NO WAY RUBIO:
“In the mid-2000s, Mr. Rubio’s personal finances converged in unusual ways with his political activities. As he climbed the ranks of the Legislature, determined to reach the prestigious post of House speaker, Mr. Rubio set up political action committees to bankroll his political endeavors and obtained a credit card from the Republican Party of Florida.
But he struggled with the new financial responsibilities. “It was a learning curve for him to make sure everyth…ing was being paid out of the right canister,” said Mr. Baxley, the lawmaker.
The structure of the PACs was unorthodox, by Mr. Rubio’s own admission. One of them was run by his wife, and was used to reimburse the couple thousands of dollars for meals, gas and long-distance calls. The other employed three of the Rubio family’s relatives.
During his Senate campaign in 2010, his opponents pounced on the arrangement, suggesting he had used the PACs to subsidize his family’s lifestyle. “It wasn’t true,” Mr. Rubio later wrote, “but I had helped create the misunderstanding my opponents exploited.”
His use of the Republican credit card for personal expenses was harder to explain. Records showed that he charged the party’s card for stone pavers at his house and travel to the family reunion in Georgia.

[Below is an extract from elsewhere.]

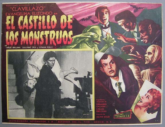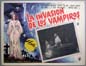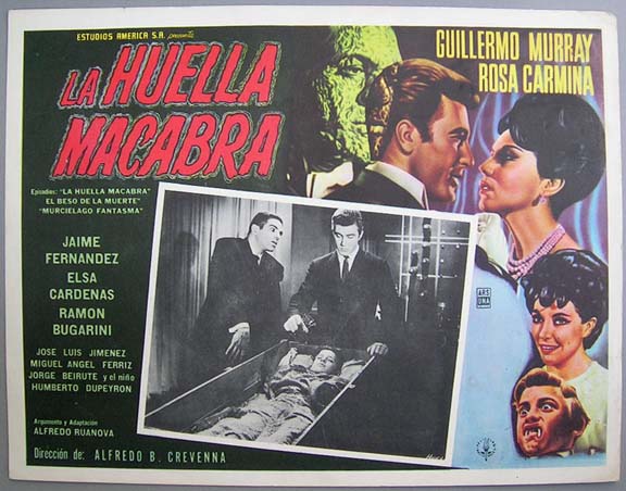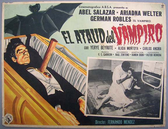 Classic horror film lobby card has artistic border graphics features Robles sleeping in a coffin, as a vampire bat hovers above him. Excellent sequel to classic Mexican horror film, El Vampiro. The card has average signs of handling -- pinholes, edge wear, mild soiling -- but the colors are bright and there are no major flaws... This movie starred Abel Salazar, Ariadna Welter, German Robles, Yerye Beirute and Alicia Montoya. $15 each |
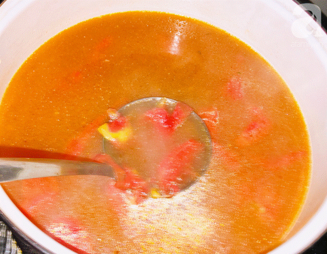Đun nóng lại nồi nước dùng rồi bỏ phần cà chua xào vào, nêm thêm đường, giấm, nước mắm, hạt nêm cho có vị chua ngọt thanh vừa miệng.

Mr. Rubio blamed a travel agent for the reunion charge and said he had pulled out the wrong credit card to pay for the pavers. “I wish that none of them had ever been charged,” he wrote in his book. He eventually covered the costs of each himself, he said.
But similar practices carried over to Mr. Rubio’s campaign for the Senate, and to the fund-raising group that he created after his election, Reclaim America PAC. A review of campaign finance records shows that Mr. Rubio employed two nephews who had worked for his local PAC years earlier, as well as close friends.
Since 2009, Mr. Rubio’s political organizations have paid at least $90,000 to companies registered by one of the nephews, Orlando
Cicilia III, which provided consulting and video production services.”